### What you need to do:
Down to the final line, write out the material beneath exactly, without pictures.

### Supplied data:
· · · ·

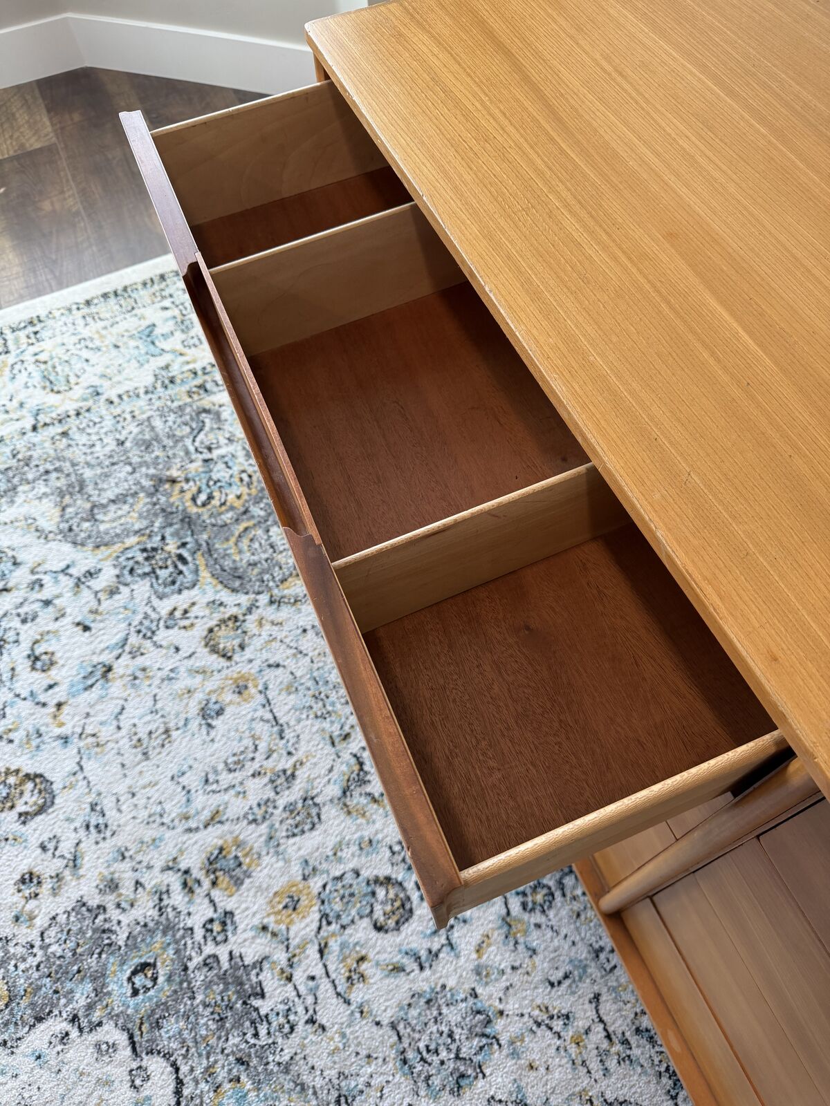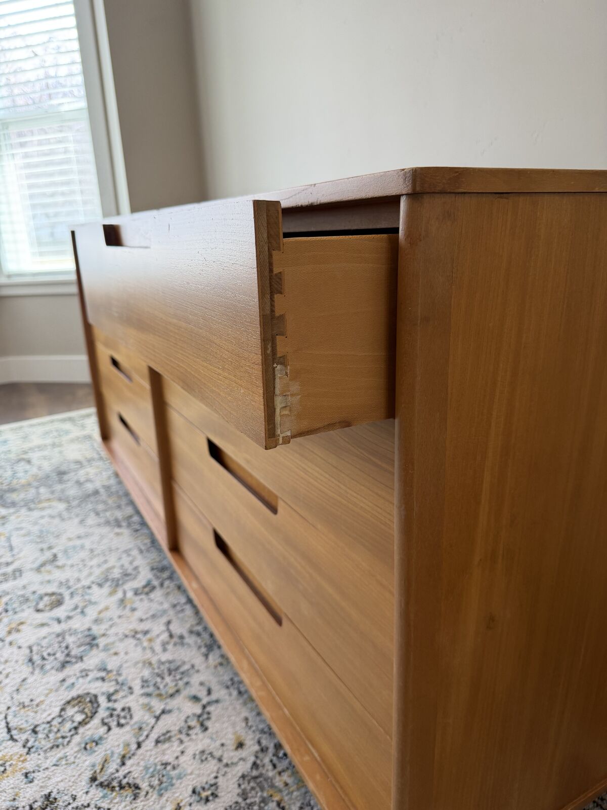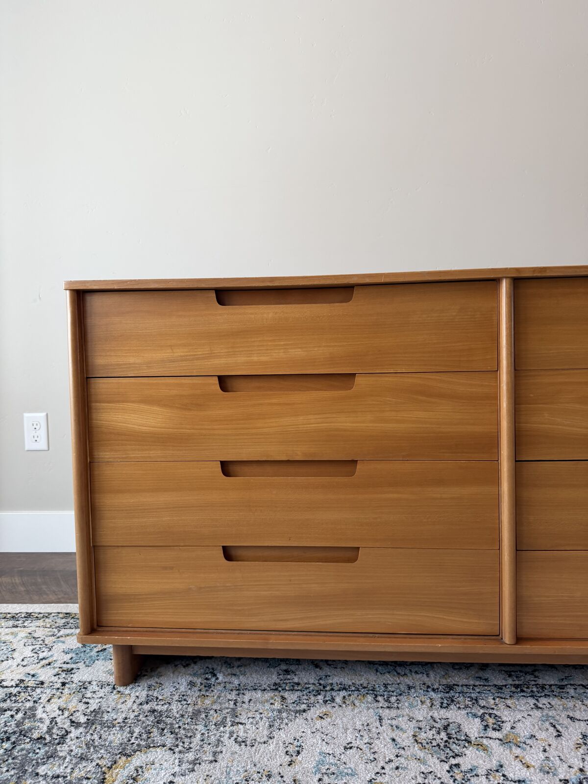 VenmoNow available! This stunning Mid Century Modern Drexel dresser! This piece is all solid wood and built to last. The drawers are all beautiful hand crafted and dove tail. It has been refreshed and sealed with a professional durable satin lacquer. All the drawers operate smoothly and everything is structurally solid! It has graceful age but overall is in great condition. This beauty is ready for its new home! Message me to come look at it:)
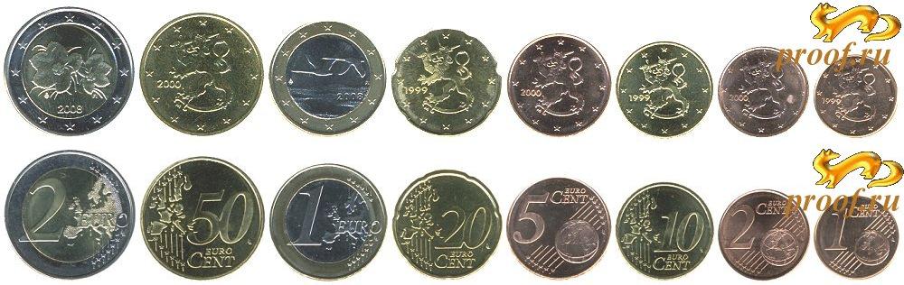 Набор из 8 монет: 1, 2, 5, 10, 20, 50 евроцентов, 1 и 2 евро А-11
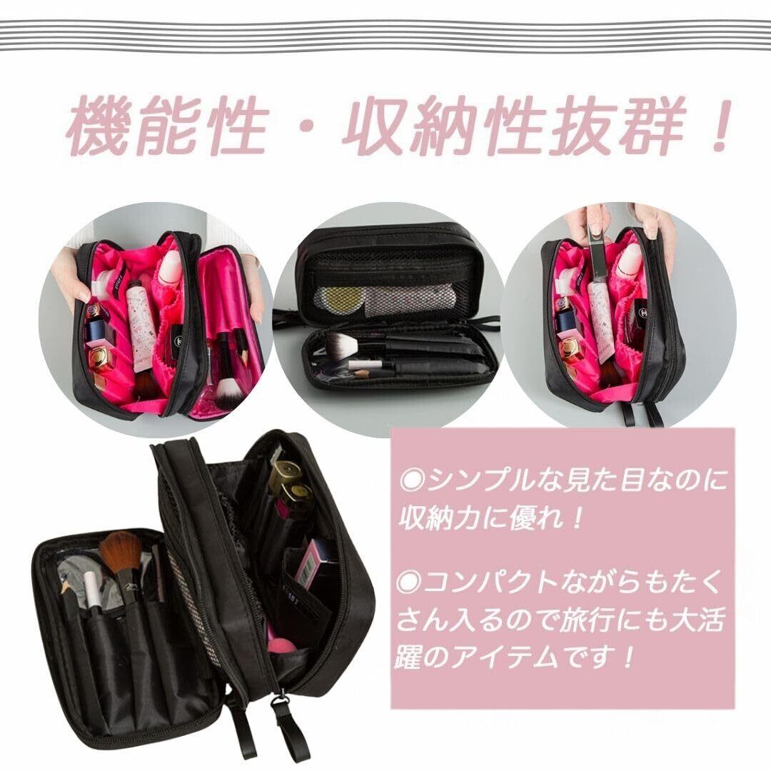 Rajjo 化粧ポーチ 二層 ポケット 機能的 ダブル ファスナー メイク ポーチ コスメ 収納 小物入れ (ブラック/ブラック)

· · · ·

### Response box:
 VenmoNow available! This stunning Mid Century Modern Drexel dresser! This piece is all solid wood and built to last. The drawers are all beautiful hand crafted and dove tail. It has been refreshed and sealed with a professional durable satin lacquer. All the drawers operate smoothly and everything is structurally solid! It has graceful age but overall is in great condition. This beauty is ready for its new home! Message me to come look at it:)
 Набор из 8 монет: 1, 2, 5, 10, 20, 50 евроцентов, 1 и 2 евро А-11
 Rajjo 化粧ポーチ 二層 ポケット 機能的 ダブル ファスナー メイク ポーチ コスメ 収納 小物入れ (ブラック/ブラック)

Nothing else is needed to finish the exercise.